* **Exercise objective**
Copy, word for word, the opening line of the data and each line after it until the line that contains "佐賀(カンセイ ヌル サガ)」が2025年12月、佐賀駅前にオープンいたします。", which is included. Leave the pictures out.

START Recorded data

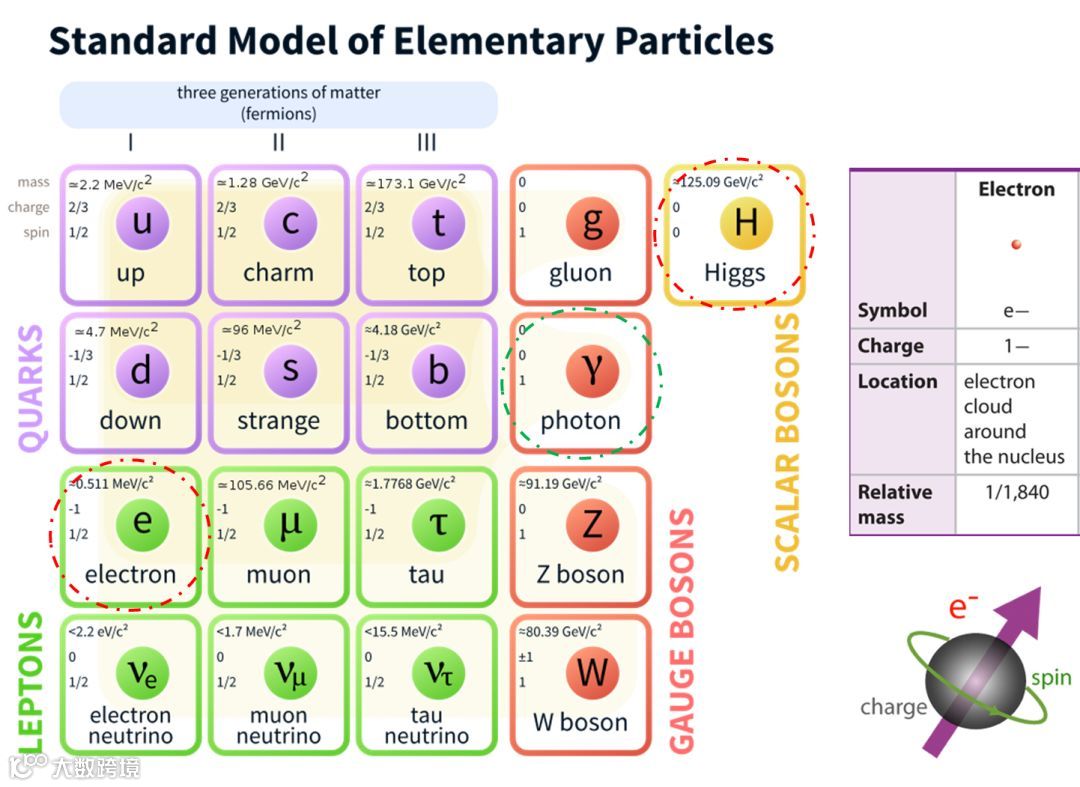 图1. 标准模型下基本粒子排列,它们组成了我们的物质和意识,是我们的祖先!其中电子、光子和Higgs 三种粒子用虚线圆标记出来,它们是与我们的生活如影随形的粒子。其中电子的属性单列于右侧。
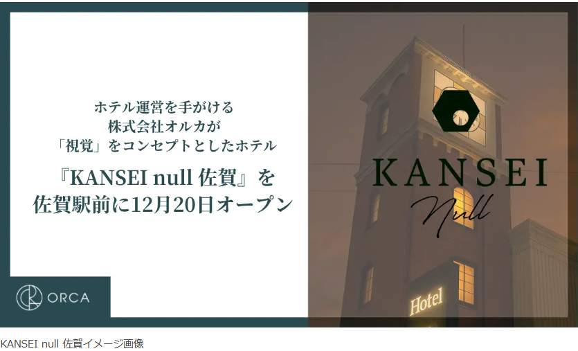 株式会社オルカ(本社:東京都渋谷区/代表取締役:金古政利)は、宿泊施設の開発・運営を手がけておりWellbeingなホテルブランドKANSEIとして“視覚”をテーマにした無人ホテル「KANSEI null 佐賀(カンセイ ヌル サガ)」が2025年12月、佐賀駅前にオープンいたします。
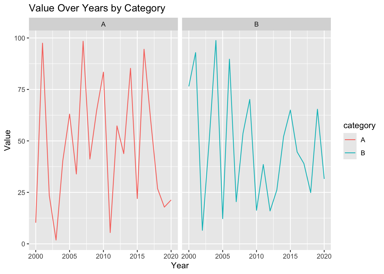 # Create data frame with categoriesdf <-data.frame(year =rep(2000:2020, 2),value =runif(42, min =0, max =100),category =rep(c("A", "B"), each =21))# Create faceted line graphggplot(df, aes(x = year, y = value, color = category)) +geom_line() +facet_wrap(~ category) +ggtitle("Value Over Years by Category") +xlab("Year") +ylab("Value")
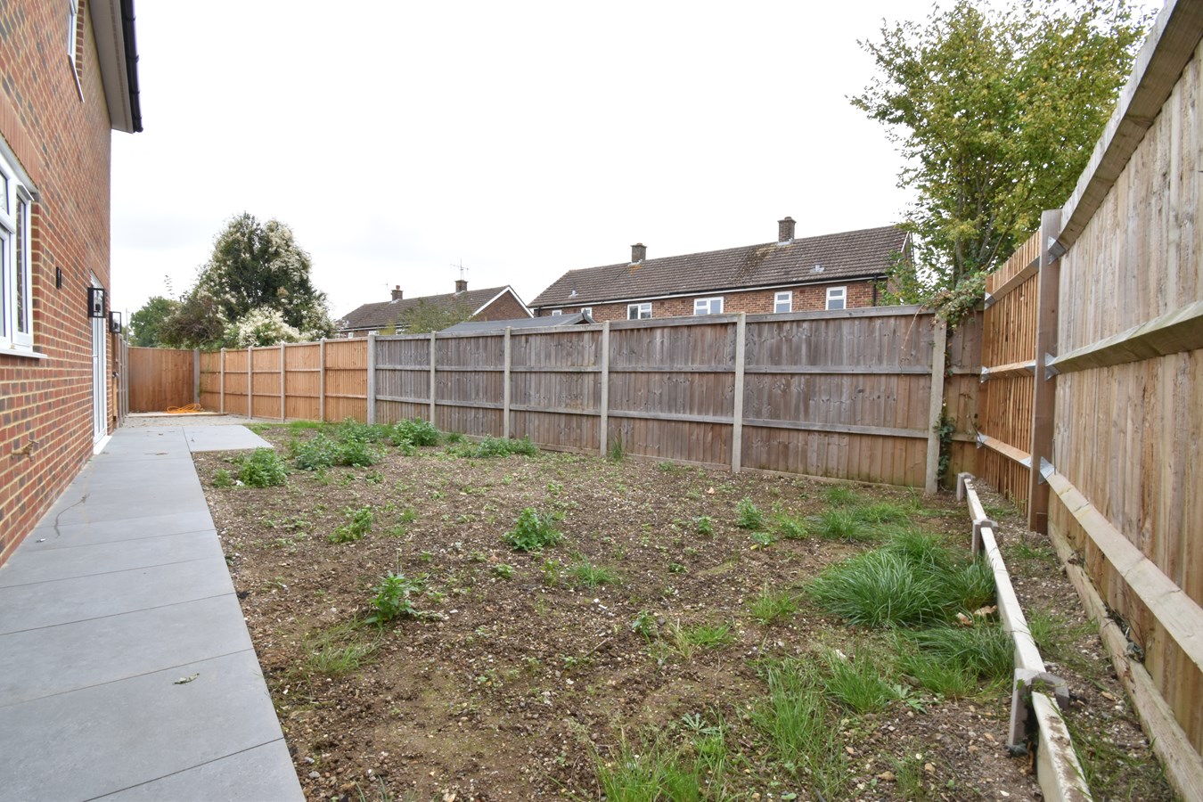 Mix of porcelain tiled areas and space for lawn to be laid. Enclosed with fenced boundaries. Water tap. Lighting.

END Recorded data

* **Written answer**
 图1. 标准模型下基本粒子排列,它们组成了我们的物质和意识,是我们的祖先!其中电子、光子和Higgs 三种粒子用虚线圆标记出来,它们是与我们的生活如影随形的粒子。其中电子的属性单列于右侧。
 株式会社オルカ(本社:東京都渋谷区/代表取締役:金古政利)は、宿泊施設の開発・運営を手がけておりWellbeingなホテルブランドKANSEIとして“視覚”をテーマにした無人ホテル「KANSEI null 佐賀(カンセイ ヌル サガ)」が2025年12月、佐賀駅前にオープンいたします。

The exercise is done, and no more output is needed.